> _YOUR OBJECTIVE_
Reproduce the entries exactly, but keep the pictures out of the copy.

> _INFORMATION GIVEN_
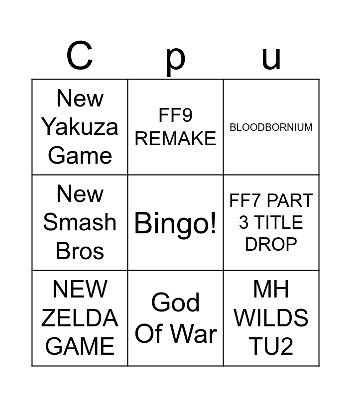 This bingo card has a free space and 8 words: FF7 PART 3 TITLE DROP, BLOODBORNIUM, FF9 REMAKE, NEW ZELDA GAME, New Yakuza Game, MH WILDS TU2, New Smash Bros and God Of War.
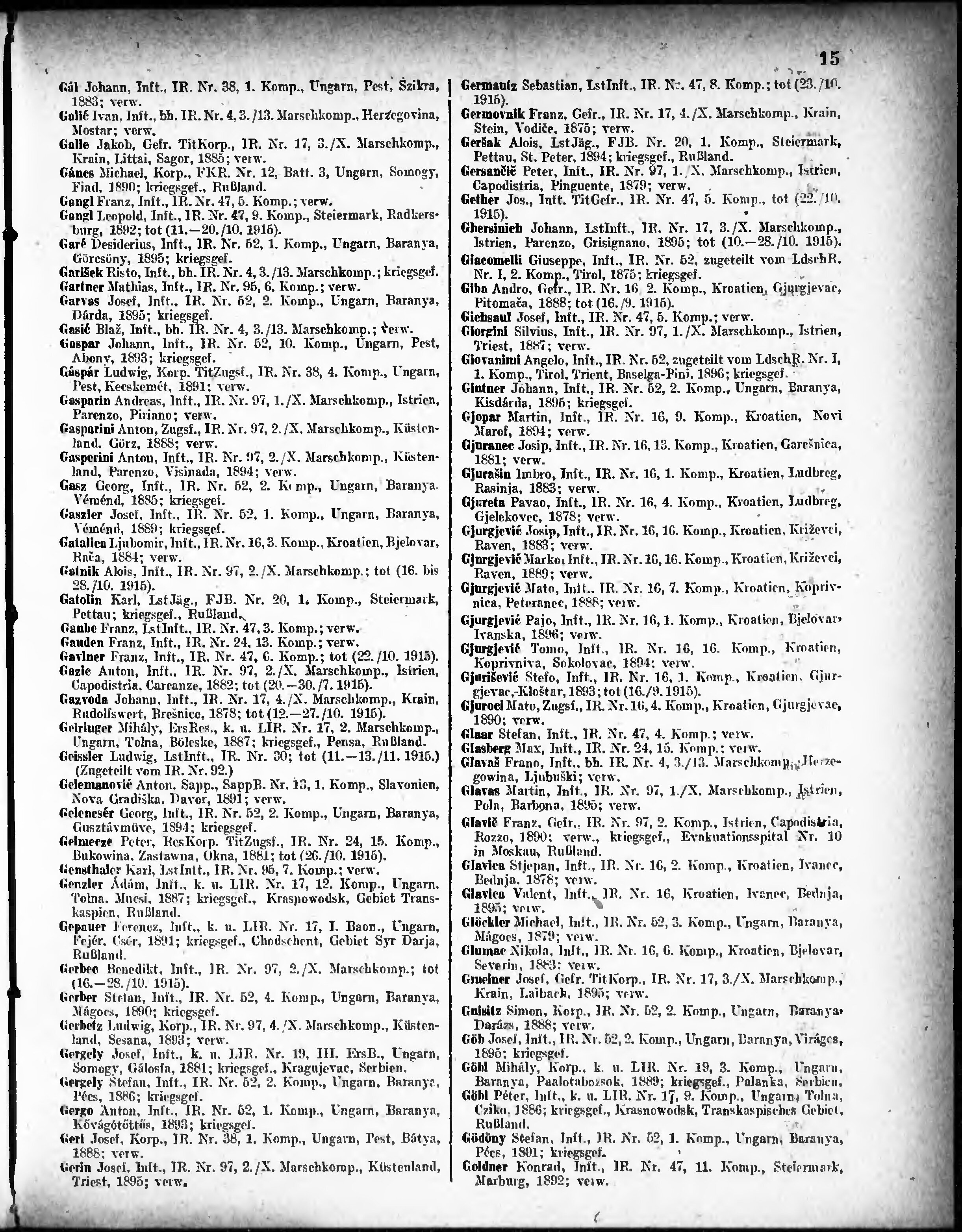 Verlustliste ausgegeben am
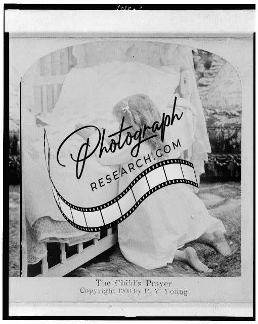 Photo of Stereograph,The Child's Prayer,Little Girl,Bed Room,c1900,Kneeling
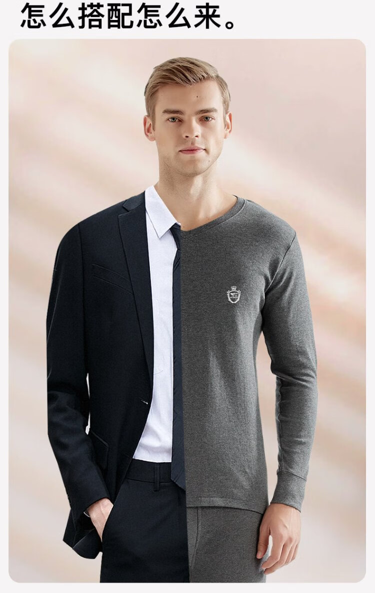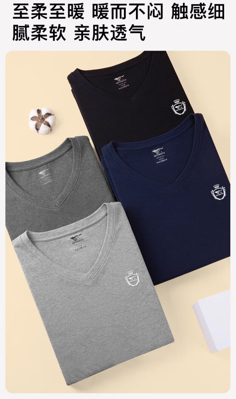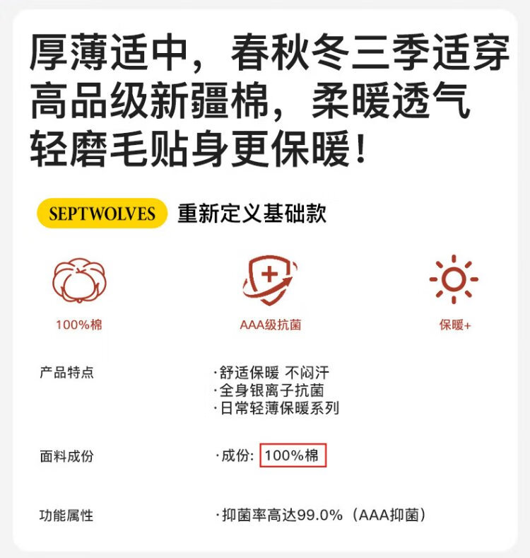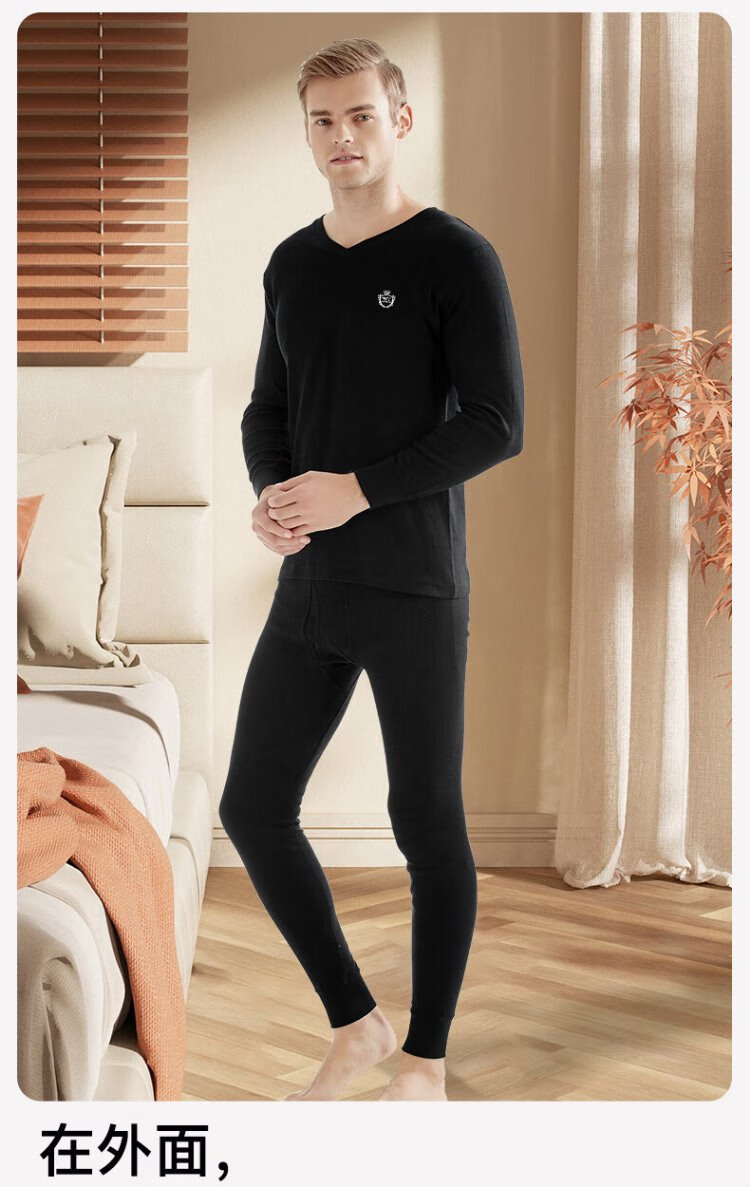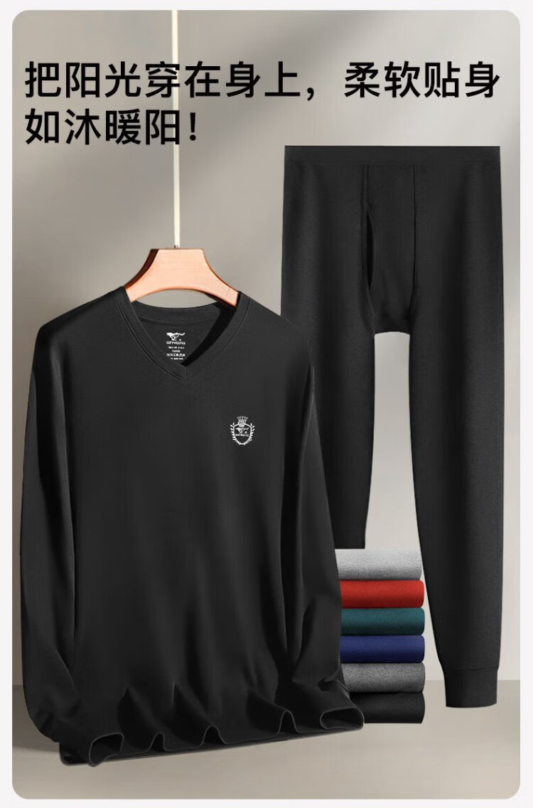 Septwolves Antibacterial Autumn Clothes and Autumn Pants Men's Pure Cotton Autumn and Winter Cotton Thermal Underwear V-neck Cotton Sweater and Trousers Set
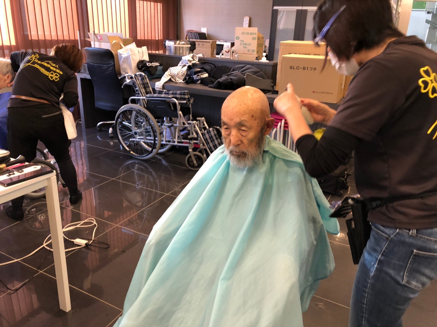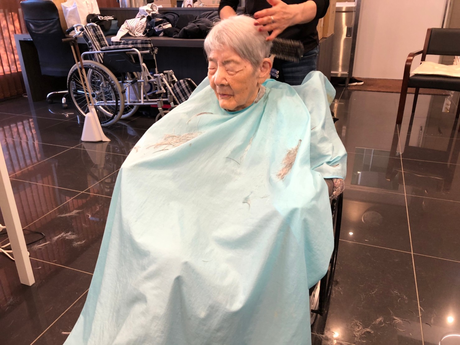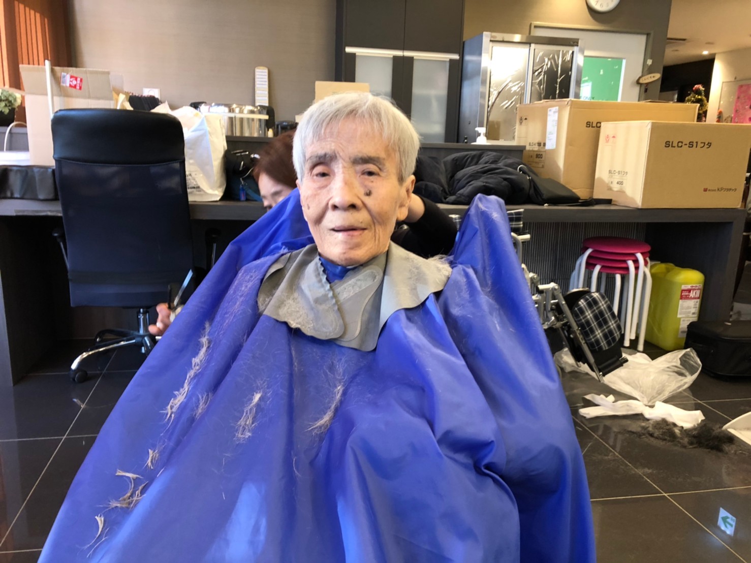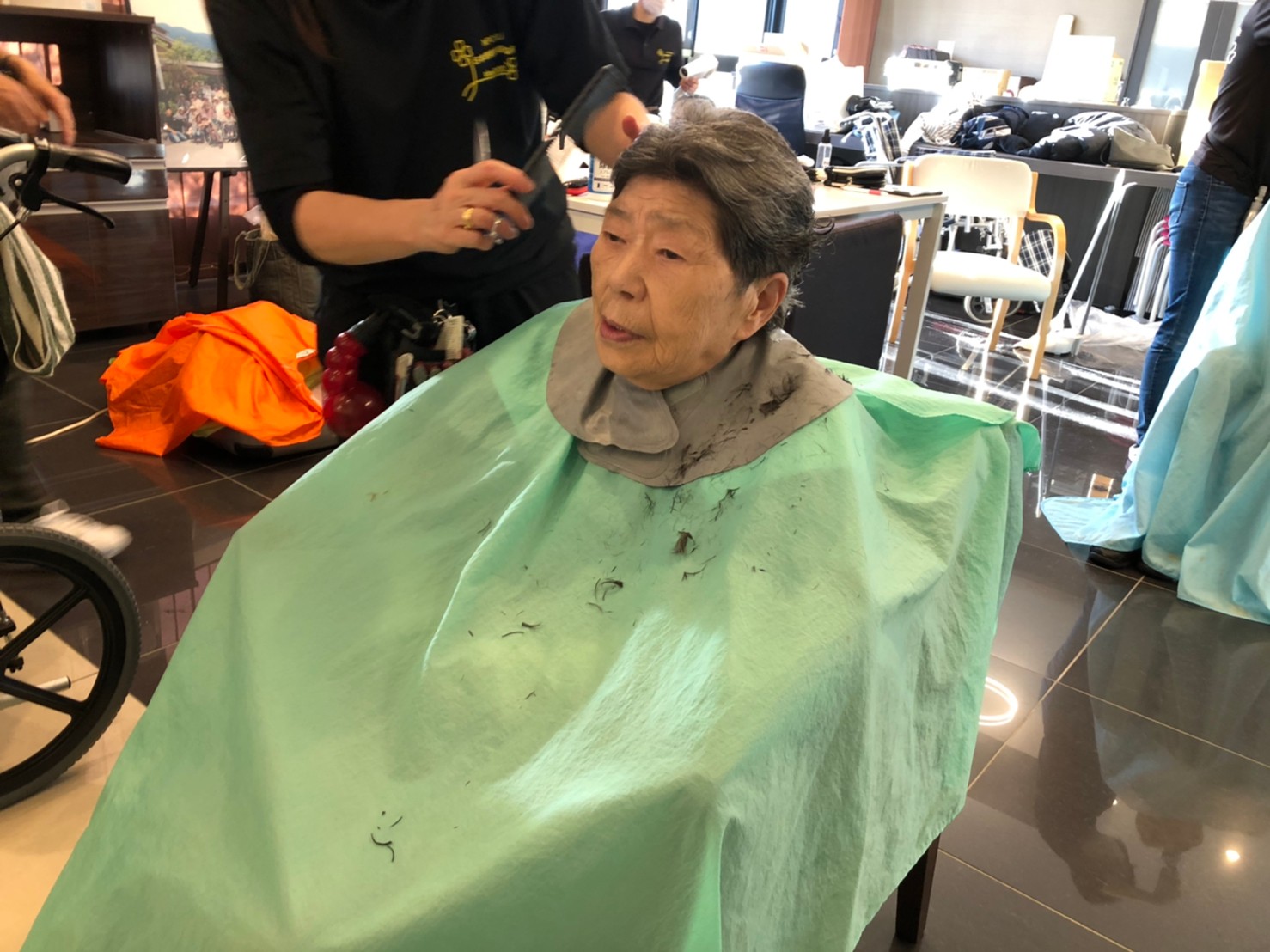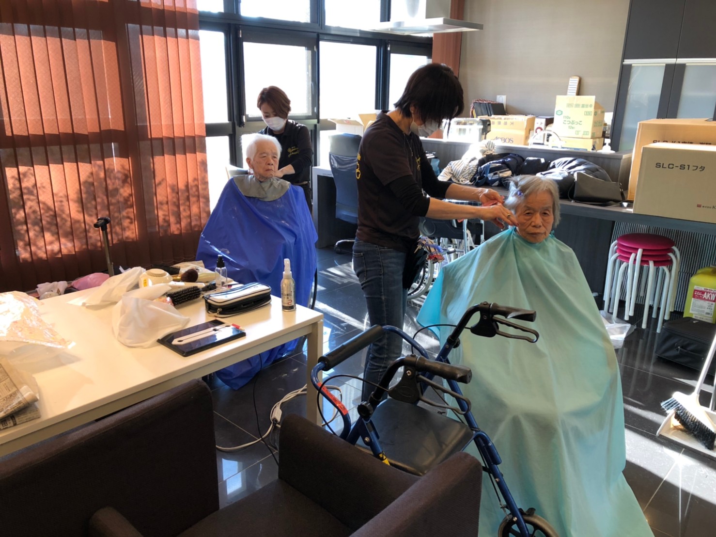 日本理美容福祉協会さんにお越しいただき、ほぼすべてのご利用者さまがお正月に向け、髪の毛を切っていただきました。皆さまが順番に切っていただいている間、お待ちになっている利用者さまが「今日はどうしてもらう?」「長くのばそうかな~」「あんたは短い方が似合うよ」なんて話されているのを見て、お幾つになられても女の子の会話はか変わらないんだな~って思いました。♪あといくつ寝るとお正月♪(*’ω’*)その前に、クリスマス会にお餅つきとまだまだ12月は終わりません。

> _RESPONSE BOX_
 This bingo card has a free space and 8 words: FF7 PART 3 TITLE DROP, BLOODBORNIUM, FF9 REMAKE, NEW ZELDA GAME, New Yakuza Game, MH WILDS TU2, New Smash Bros and God Of War.
 Verlustliste ausgegeben am
 Photo of Stereograph,The Child's Prayer,Little Girl,Bed Room,c1900,Kneeling
 Septwolves Antibacterial Autumn Clothes and Autumn Pants Men's Pure Cotton Autumn and Winter Cotton Thermal Underwear V-neck Cotton Sweater and Trousers Set
 日本理美容福祉協会さんにお越しいただき、ほぼすべてのご利用者さまがお正月に向け、髪の毛を切っていただきました。皆さまが順番に切っていただいている間、お待ちになっている利用者さまが「今日はどうしてもらう?」「長くのばそうかな~」「あんたは短い方が似合うよ」なんて話されているのを見て、お幾つになられても女の子の会話はか変わらないんだな~って思いました。♪あといくつ寝るとお正月♪(*’ω’*)その前に、クリスマス会にお餅つきとまだまだ12月は終わりません。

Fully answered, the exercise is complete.